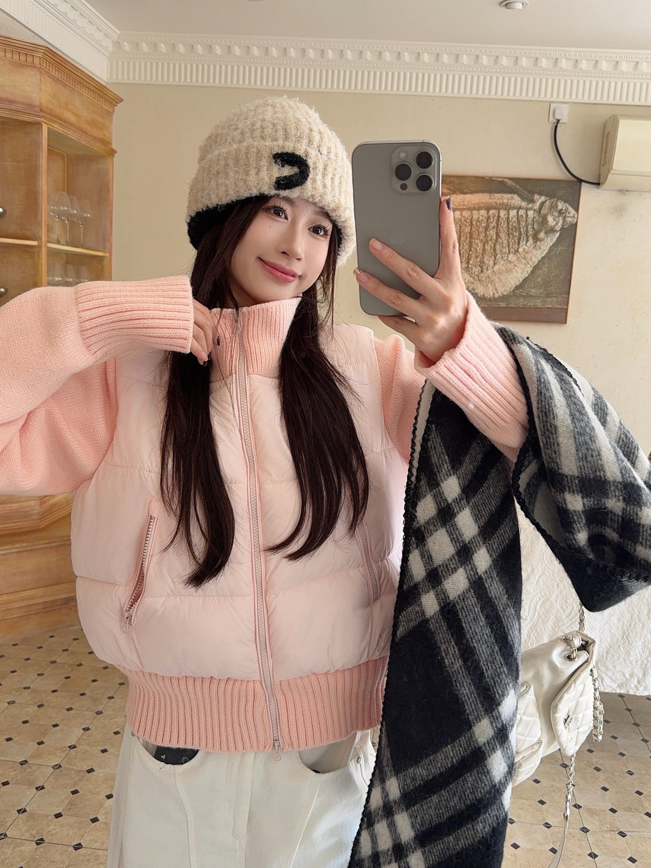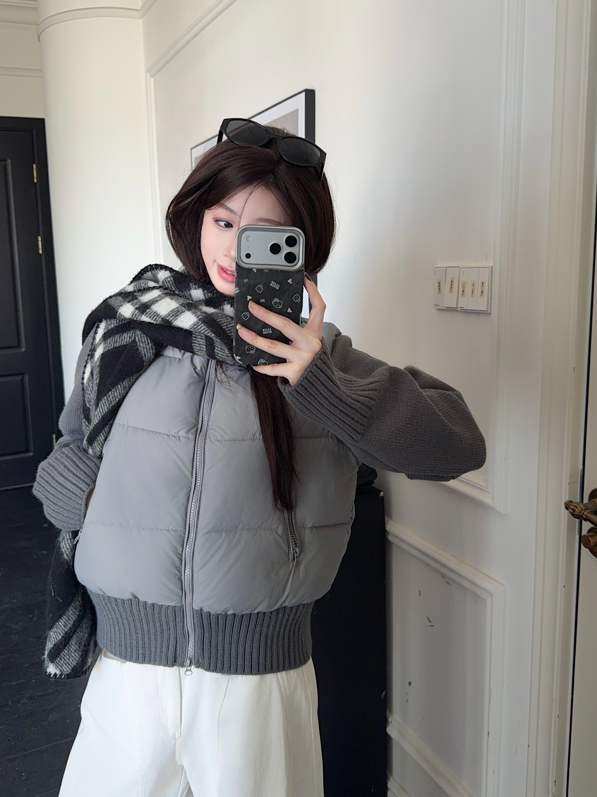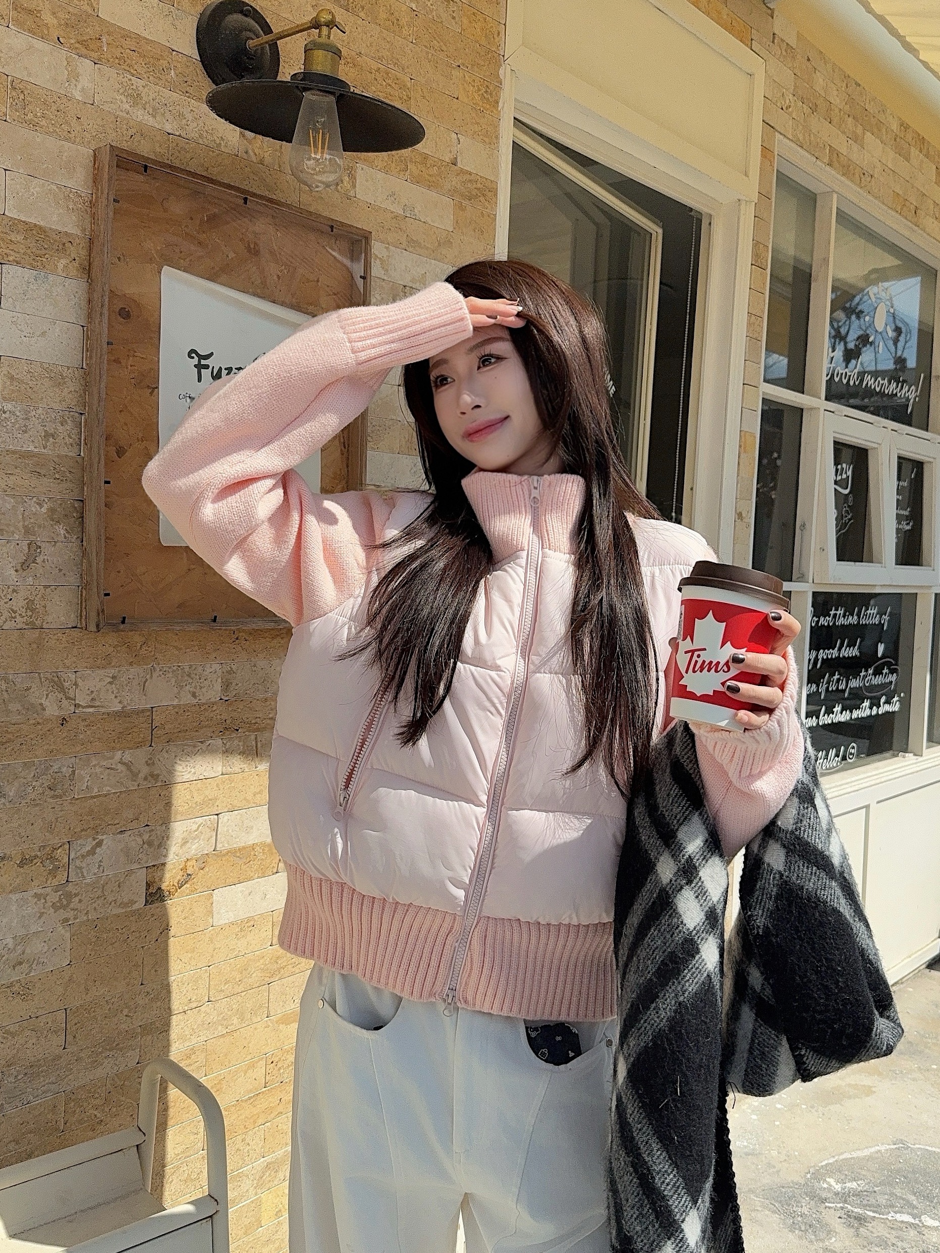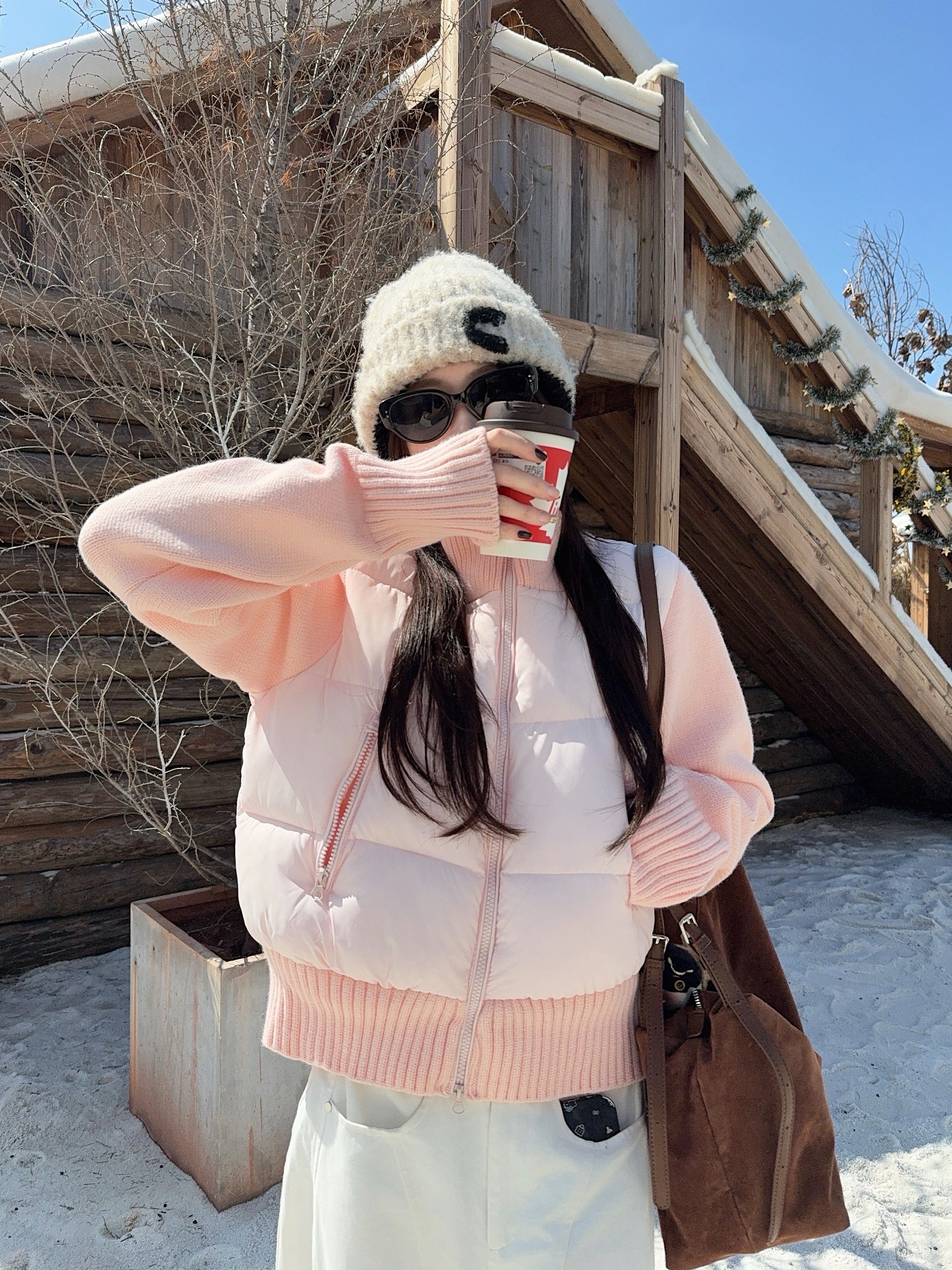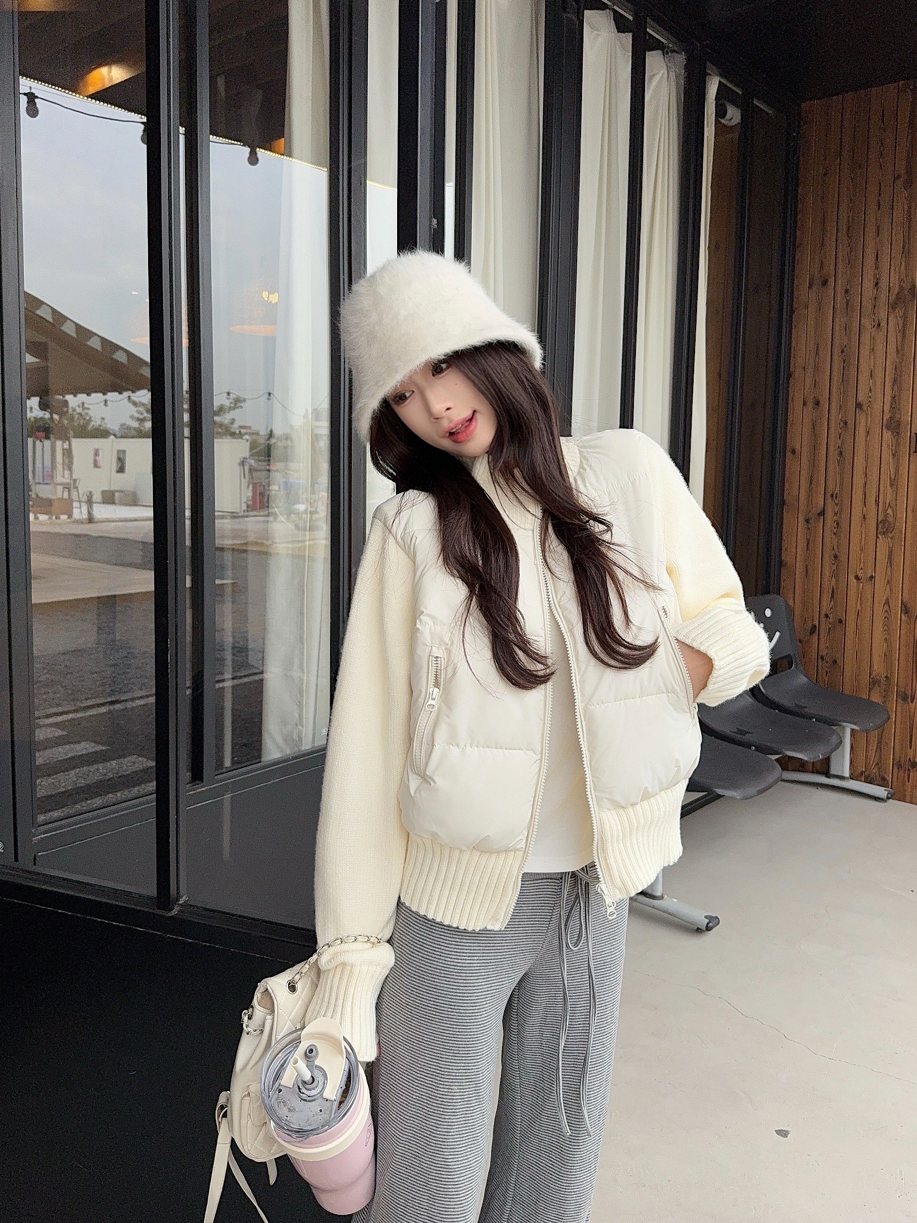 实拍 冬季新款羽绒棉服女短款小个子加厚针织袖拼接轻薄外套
* * *
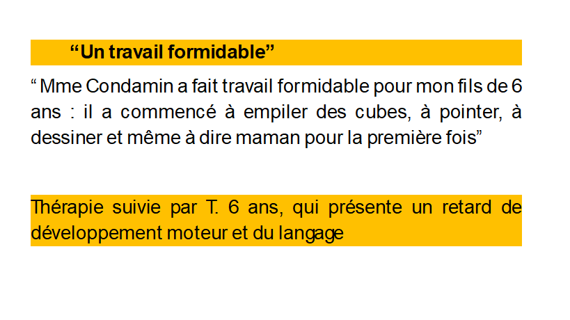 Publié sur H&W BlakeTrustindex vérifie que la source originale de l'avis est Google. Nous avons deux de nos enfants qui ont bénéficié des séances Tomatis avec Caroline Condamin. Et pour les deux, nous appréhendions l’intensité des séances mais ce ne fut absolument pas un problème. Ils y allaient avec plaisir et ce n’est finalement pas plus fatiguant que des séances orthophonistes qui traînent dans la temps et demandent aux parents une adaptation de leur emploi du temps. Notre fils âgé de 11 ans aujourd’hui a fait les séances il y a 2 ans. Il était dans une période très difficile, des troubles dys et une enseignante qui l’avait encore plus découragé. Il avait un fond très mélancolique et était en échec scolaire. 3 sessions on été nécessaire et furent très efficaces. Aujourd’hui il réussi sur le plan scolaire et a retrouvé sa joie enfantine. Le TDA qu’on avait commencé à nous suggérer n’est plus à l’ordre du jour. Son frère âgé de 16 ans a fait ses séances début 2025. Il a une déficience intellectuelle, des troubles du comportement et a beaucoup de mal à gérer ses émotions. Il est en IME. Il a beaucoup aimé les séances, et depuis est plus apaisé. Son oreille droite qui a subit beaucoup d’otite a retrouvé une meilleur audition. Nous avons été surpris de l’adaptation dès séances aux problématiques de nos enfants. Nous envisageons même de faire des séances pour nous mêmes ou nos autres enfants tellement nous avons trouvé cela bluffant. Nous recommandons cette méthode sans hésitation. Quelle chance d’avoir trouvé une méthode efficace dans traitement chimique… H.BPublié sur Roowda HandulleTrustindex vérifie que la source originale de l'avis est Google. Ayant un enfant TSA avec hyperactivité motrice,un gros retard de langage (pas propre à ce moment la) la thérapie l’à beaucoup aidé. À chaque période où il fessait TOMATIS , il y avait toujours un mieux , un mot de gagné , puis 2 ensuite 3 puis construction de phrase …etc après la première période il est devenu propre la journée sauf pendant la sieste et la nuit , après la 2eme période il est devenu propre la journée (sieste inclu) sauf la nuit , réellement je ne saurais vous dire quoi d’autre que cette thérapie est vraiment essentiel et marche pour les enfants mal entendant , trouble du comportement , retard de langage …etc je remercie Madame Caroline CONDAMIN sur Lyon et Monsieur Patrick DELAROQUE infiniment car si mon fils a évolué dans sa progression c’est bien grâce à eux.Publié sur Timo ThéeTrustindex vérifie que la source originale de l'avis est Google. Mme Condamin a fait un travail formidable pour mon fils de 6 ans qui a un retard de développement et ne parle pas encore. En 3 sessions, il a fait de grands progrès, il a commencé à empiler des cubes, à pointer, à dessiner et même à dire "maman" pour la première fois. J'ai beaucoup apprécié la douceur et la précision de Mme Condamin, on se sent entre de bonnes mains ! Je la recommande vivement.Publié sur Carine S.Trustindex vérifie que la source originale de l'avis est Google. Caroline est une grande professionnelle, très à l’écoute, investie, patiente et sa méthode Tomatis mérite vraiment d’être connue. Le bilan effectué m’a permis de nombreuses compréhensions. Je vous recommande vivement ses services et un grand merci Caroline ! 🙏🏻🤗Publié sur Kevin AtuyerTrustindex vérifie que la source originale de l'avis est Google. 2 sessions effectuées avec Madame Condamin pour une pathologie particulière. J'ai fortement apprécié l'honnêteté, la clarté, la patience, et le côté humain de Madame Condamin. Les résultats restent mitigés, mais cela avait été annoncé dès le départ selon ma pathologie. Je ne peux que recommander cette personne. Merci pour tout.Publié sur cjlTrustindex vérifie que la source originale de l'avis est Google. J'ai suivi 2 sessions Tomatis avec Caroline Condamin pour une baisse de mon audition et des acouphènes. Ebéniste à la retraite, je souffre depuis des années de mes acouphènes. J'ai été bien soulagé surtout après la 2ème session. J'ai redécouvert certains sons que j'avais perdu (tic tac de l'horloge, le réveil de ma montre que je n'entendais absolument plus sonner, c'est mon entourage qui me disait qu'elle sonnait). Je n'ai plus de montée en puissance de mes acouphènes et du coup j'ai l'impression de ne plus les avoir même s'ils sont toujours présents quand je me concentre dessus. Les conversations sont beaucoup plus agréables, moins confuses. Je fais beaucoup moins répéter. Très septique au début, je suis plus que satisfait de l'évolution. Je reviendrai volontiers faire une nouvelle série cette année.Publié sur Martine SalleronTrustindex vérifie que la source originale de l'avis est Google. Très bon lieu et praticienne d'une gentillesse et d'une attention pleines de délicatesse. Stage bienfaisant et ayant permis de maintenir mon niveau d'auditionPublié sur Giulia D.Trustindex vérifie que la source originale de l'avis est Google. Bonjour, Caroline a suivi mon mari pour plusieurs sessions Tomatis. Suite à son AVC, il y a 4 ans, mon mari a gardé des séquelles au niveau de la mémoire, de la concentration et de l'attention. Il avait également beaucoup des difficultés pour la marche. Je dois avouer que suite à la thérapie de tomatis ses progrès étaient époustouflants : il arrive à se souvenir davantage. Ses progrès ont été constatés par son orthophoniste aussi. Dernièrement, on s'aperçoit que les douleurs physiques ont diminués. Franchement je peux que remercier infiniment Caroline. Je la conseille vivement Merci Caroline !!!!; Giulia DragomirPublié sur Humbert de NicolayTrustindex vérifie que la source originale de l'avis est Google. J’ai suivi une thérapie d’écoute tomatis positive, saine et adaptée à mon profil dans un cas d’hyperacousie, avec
...
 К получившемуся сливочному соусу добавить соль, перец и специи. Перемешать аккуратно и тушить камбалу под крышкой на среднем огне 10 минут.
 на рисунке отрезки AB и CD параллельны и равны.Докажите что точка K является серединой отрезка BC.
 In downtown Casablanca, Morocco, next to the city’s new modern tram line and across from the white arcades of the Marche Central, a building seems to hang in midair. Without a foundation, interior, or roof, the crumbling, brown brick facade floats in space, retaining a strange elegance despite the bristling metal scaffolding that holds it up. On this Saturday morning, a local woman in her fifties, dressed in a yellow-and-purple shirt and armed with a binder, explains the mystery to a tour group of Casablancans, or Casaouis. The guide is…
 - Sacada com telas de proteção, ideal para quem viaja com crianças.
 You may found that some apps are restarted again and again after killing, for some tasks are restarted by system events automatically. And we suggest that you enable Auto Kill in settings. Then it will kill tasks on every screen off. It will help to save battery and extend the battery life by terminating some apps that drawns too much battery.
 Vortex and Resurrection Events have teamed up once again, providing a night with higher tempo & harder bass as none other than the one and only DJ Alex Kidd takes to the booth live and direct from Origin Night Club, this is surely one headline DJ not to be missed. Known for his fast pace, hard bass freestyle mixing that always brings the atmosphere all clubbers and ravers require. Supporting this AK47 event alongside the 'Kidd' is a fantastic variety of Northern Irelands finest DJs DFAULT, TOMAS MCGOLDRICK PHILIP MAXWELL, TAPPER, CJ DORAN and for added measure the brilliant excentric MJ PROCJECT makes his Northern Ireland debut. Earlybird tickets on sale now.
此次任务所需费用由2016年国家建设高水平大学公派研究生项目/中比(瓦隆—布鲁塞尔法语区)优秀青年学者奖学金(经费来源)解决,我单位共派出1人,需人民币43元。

**Assignment:** Would you please write out, exactly and with no other lines, the stretch of the listing above from the line containing "You may found" through the line containing "此次任务所需费用由2016年"?

**Reply:**
 You may found that some apps are restarted again and again after killing, for some tasks are restarted by system events automatically. And we suggest that you enable Auto Kill in settings. Then it will kill tasks on every screen off. It will help to save battery and extend the battery life by terminating some apps that drawns too much battery.
 Vortex and Resurrection Events have teamed up once again, providing a night with higher tempo & harder bass as none other than the one and only DJ Alex Kidd takes to the booth live and direct from Origin Night Club, this is surely one headline DJ not to be missed. Known for his fast pace, hard bass freestyle mixing that always brings the atmosphere all clubbers and ravers require. Supporting this AK47 event alongside the 'Kidd' is a fantastic variety of Northern Irelands finest DJs DFAULT, TOMAS MCGOLDRICK PHILIP MAXWELL, TAPPER, CJ DORAN and for added measure the brilliant excentric MJ PROCJECT makes his Northern Ireland debut. Earlybird tickets on sale now.
此次任务所需费用由2016年国家建设高水平大学公派研究生项目/中比(瓦隆—布鲁塞尔法语区)优秀青年学者奖学金(经费来源)解决,我单位共派出1人,需人民币43元。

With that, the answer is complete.